Add a conclusion below with the differences (if exists) between before and after 2012 most frequent categories. Is the code the same? what changed?

## Finding Entities  

In [None]:
# For now, lets only use complete data. 
data = data.dropna(subset=['selftext'])

In [None]:
data=data.sample(n=1000).reset_index(drop=True)

In [None]:
nltk.download('stopwords')

In [None]:
# Load Spacy model and stopwords
nlp = spacy.load("en_core_web_sm")
stop_words = set(stopwords.words('english'))  # Set for faster lookup

In [None]:
# Remove stopwords from the text
data['selftext'] = data['selftext'].apply(lambda x: ' '.join(word for word in x.split() if word not in stop_words))

In [None]:
# Function to extract locations (GPE entities) from text
def extract_locations(text):
    return [ent.text for ent in nlp(text).ents if ent.label_ == 'GPE']

In [None]:
# Extract locations from the 'body' column
locations = [loc for sublist in data['selftext'].apply(extract_locations) for loc in sublist]

In [None]:
# Get top 50 most common locations
most_common_50 = Counter(locations).most_common(50)

In [None]:
# Prepare data for plotting
all_locs = [loc for loc, _ in most_common_50]
num_loc_mentions = [count * 50 for _, count in most_common_50]
avg_loc_sents = [data[data['selftext'].str.contains(loc, regex=False)]['score'].mean() for loc in all_locs]

In [None]:
# Plotting the data
plt.figure(figsize=(20, 6))
plt.scatter(all_locs, avg_loc_sents, s=num_loc_mentions, alpha=0.5)
# Add titles and labels
plt.title("Average Score For Top 50 Mentioned Locations and Number of Mentions in First 1000 Rows")
plt.xlabel("Top 50 Mentioned Locations")
plt.xticks(rotation=90)
plt.ylabel("Average Sentiment")
plt.legend(["Bubble Size = Number of Mentions"])
plt.show()


**Task**: 

Do you think this plot is okay as it is? Should we filtered it more? how? Try to refine the above plot using your own logic (have fun with it).

In [None]:
#START NAMES
def extract_names(text):
    doc = nlp(text)
    return [ent.text for ent in doc.ents if ent.label_ == 'PERSON']

In [None]:
persons = [person for sublist in data['selftext'].apply(extract_names) for person in sublist]
most_common_50 = Counter(persons).most_common(50)

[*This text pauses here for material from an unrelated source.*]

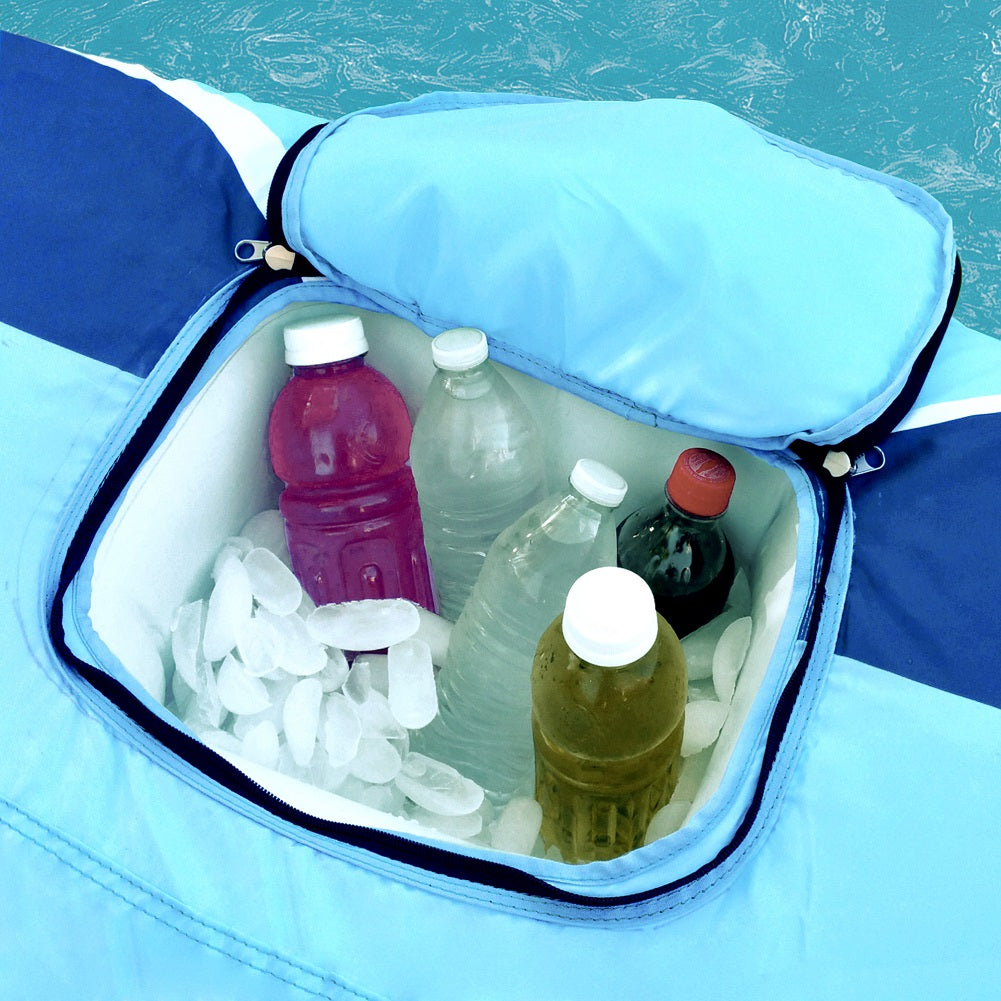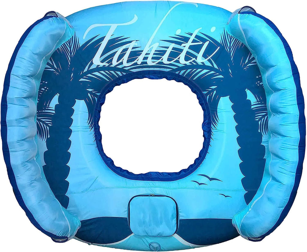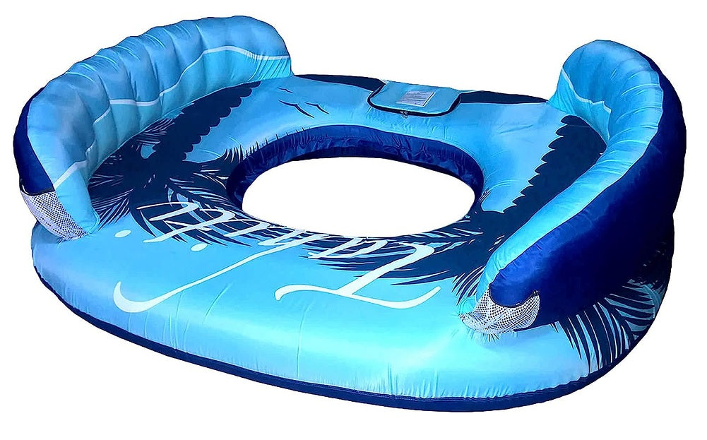 The Blue Wave Drift + Escape 4-Person Inflatable Float, Blue, line of high-end pool floats gives you and your friends plenty of room to relax in the summer sun. This luxurious float can accommodate up to 4 adults and features a covered cooler compartment to keep refreshments close at hand. Wrapped with a premium colorfast polyester fabric sporting a Tahitian...

# Prepare data for plotting
all_persons = [person for person, _ in most_common_50]
num_person_mentions = [count * 50 for _, count in most_common_50]
avg_loc_scores = [data[data['selftext'].str.contains(person, regex=False)]['score'].mean() for person in all_persons]

In [None]:
# Plotting the data
plt.figure(figsize=(20, 6))
plt.scatter(all_persons, avg_loc_scores, s=num_person_mentions, alpha=0.5)
# Add titles and labels
plt.title("Average Score For Top 50 Mentioned persons and Number of Mentions in First 1000 Rows")
plt.xlabel("Top 50 Mentioned Locations")
plt.xticks(rotation=90)
plt.ylabel("Average Sentiment")
plt.legend(["Bubble Size = Number of Mentions"])
plt.show()

**Task**: 

Add a conclusion

# Extra: 

This is some preview of our future work, but keep them in mind and try to find some other interesting questions or suggest ideas to answer the ones below.

Strongly suggest to use chatGPT.

1. What is the number of posts per year?
2. Average score (number of votes) per year per category ?
3. We want to measure popularity and influence of the found persons.  How can we measure popularity and/or Influence?
5. How people are affected and cope with climate change? For example, who engages in these kind of conversations, can we say something about their age or context of the authors of these posts? (This also called author profiling)
6. How can we identify false information or fake news with this data?